> EXCERPTED DATA:

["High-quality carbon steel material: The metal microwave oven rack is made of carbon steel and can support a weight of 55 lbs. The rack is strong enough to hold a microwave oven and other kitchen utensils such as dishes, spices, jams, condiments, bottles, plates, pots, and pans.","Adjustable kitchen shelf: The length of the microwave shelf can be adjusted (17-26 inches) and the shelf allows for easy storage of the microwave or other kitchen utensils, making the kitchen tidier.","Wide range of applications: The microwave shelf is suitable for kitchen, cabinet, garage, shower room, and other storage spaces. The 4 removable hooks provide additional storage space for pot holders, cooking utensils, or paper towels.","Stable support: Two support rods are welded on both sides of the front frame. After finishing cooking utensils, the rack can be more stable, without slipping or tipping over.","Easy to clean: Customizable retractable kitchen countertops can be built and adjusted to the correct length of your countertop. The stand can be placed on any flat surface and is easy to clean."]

...

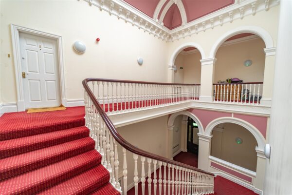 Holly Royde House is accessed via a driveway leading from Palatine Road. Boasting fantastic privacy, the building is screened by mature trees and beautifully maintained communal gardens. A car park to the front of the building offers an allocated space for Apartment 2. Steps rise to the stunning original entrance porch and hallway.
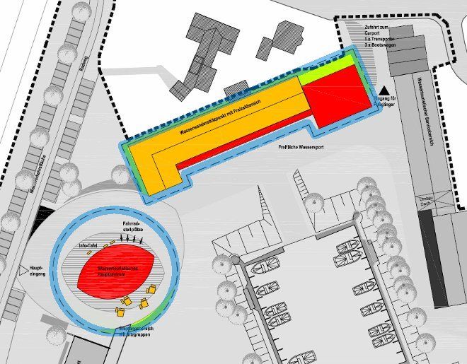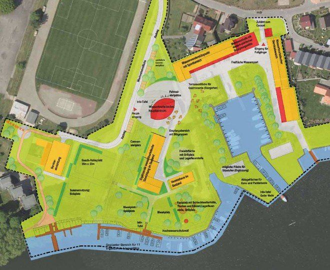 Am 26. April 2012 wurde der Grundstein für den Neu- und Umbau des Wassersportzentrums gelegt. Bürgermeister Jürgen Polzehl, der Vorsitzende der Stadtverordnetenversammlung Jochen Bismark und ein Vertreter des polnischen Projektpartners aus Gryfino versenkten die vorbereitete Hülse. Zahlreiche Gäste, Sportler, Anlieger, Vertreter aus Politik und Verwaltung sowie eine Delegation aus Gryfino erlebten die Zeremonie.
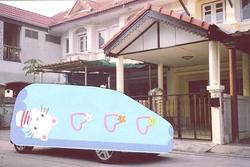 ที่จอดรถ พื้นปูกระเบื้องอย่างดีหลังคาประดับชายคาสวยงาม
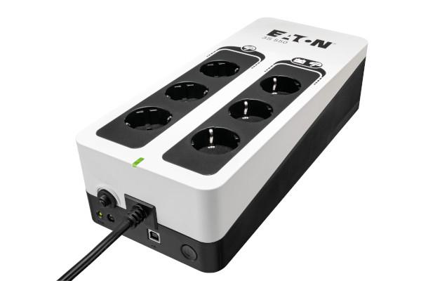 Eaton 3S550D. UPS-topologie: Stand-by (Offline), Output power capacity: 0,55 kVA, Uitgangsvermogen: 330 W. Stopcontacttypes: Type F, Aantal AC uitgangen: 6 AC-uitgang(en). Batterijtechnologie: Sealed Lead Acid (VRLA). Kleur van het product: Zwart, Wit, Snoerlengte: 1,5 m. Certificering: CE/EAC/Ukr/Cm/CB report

* * *

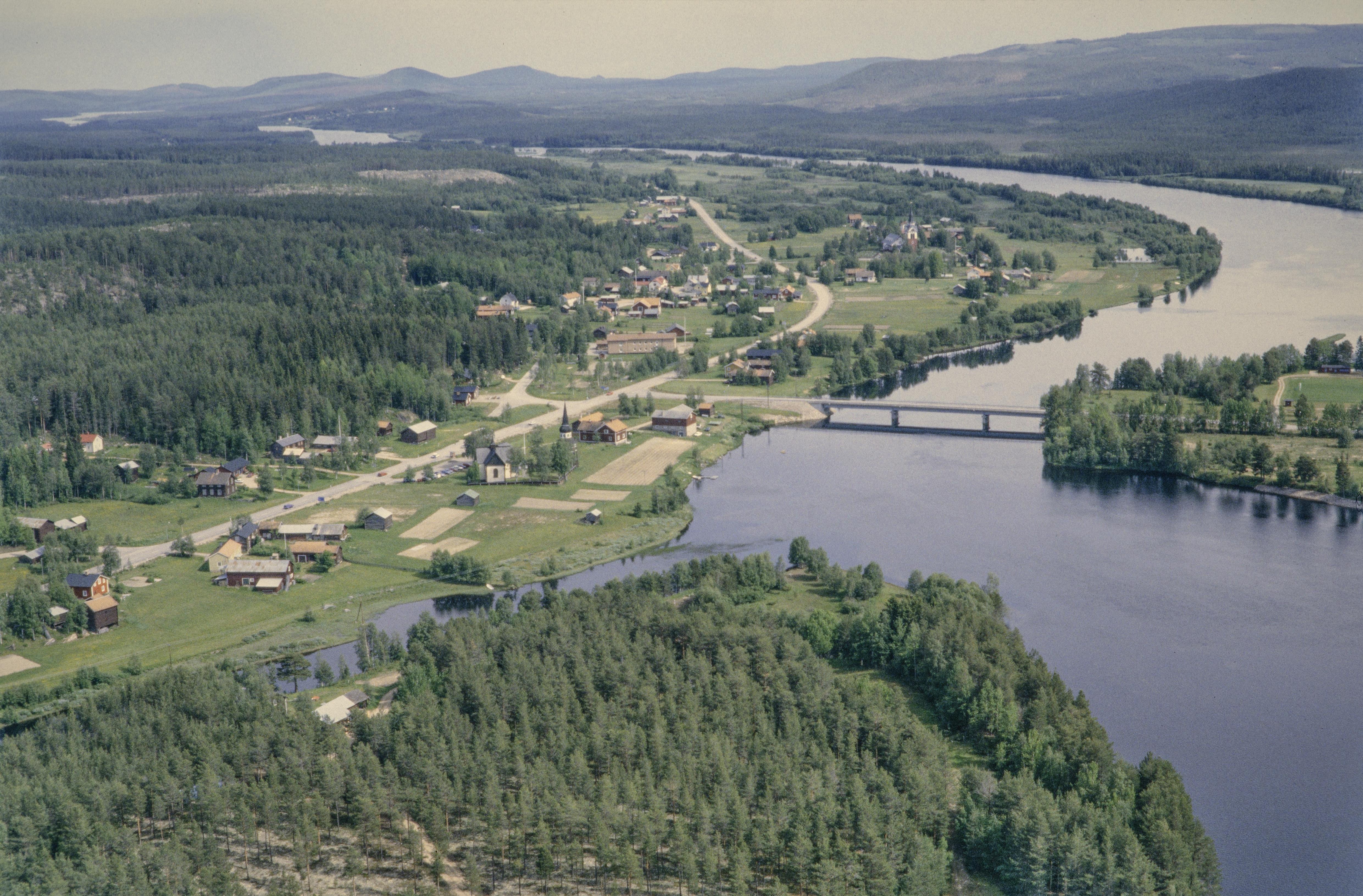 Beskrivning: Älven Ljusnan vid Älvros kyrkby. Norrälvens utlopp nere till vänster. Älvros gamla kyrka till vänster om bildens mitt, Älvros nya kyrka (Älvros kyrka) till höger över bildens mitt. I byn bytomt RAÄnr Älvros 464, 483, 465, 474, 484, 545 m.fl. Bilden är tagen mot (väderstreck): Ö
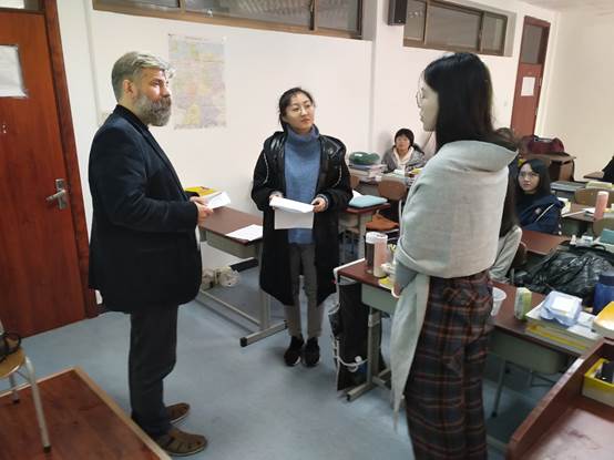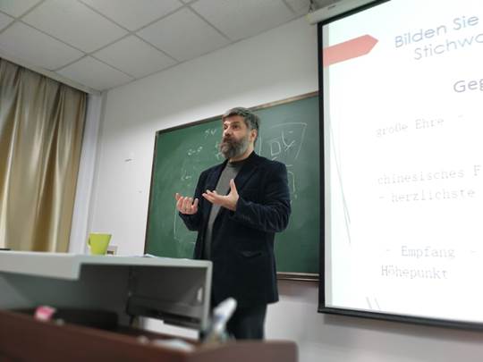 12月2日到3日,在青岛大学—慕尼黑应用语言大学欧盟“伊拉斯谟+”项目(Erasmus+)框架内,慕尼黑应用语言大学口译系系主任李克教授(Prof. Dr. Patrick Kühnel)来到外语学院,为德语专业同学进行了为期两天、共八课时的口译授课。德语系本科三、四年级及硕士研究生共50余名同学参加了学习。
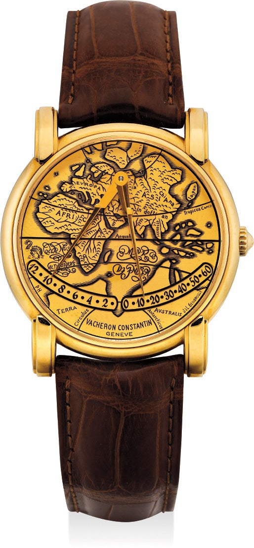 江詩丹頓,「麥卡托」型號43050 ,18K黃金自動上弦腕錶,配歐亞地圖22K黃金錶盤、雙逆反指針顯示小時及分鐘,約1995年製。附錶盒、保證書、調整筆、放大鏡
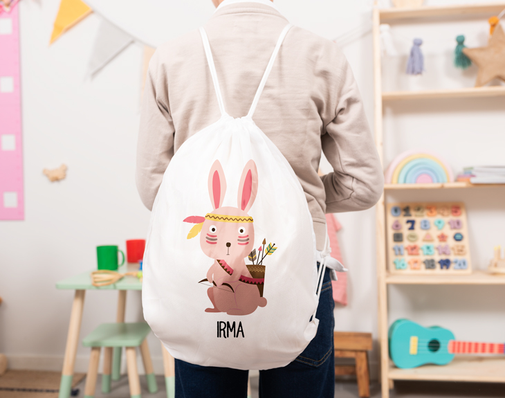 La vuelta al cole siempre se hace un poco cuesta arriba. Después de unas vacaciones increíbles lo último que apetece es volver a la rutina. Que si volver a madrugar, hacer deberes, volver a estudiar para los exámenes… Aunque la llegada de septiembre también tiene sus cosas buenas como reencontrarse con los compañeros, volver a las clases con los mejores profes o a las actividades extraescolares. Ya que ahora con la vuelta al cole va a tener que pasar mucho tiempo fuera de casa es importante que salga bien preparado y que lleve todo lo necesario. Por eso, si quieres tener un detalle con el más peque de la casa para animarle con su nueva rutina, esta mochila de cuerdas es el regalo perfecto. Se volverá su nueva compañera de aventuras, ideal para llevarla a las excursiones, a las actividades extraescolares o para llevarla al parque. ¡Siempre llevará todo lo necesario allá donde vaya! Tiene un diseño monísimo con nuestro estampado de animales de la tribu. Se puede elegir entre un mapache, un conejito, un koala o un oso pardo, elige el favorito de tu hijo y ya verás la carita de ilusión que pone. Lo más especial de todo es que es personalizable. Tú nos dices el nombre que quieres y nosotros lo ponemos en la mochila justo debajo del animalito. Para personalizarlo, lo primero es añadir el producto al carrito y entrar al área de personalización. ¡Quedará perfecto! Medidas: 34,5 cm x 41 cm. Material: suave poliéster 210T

> WHAT THE TASK REQUIRES: Look above for the line containing "Beskrivning: Älven Ljusnan", then copy exactly from it through the line containing "江詩丹頓,「麥卡托」型號43", keeping both and leaving out pictures. Add nothing else.

> RESULT OF THE TASK:
 Beskrivning: Älven Ljusnan vid Älvros kyrkby. Norrälvens utlopp nere till vänster. Älvros gamla kyrka till vänster om bildens mitt, Älvros nya kyrka (Älvros kyrka) till höger över bildens mitt. I byn bytomt RAÄnr Älvros 464, 483, 465, 474, 484, 545 m.fl. Bilden är tagen mot (väderstreck): Ö
 12月2日到3日,在青岛大学—慕尼黑应用语言大学欧盟“伊拉斯谟+”项目(Erasmus+)框架内,慕尼黑应用语言大学口译系系主任李克教授(Prof. Dr. Patrick Kühnel)来到外语学院,为德语专业同学进行了为期两天、共八课时的口译授课。德语系本科三、四年级及硕士研究生共50余名同学参加了学习。
 江詩丹頓,「麥卡托」型號43050 ,18K黃金自動上弦腕錶,配歐亞地圖22K黃金錶盤、雙逆反指針顯示小時及分鐘,約1995年製。附錶盒、保證書、調整筆、放大鏡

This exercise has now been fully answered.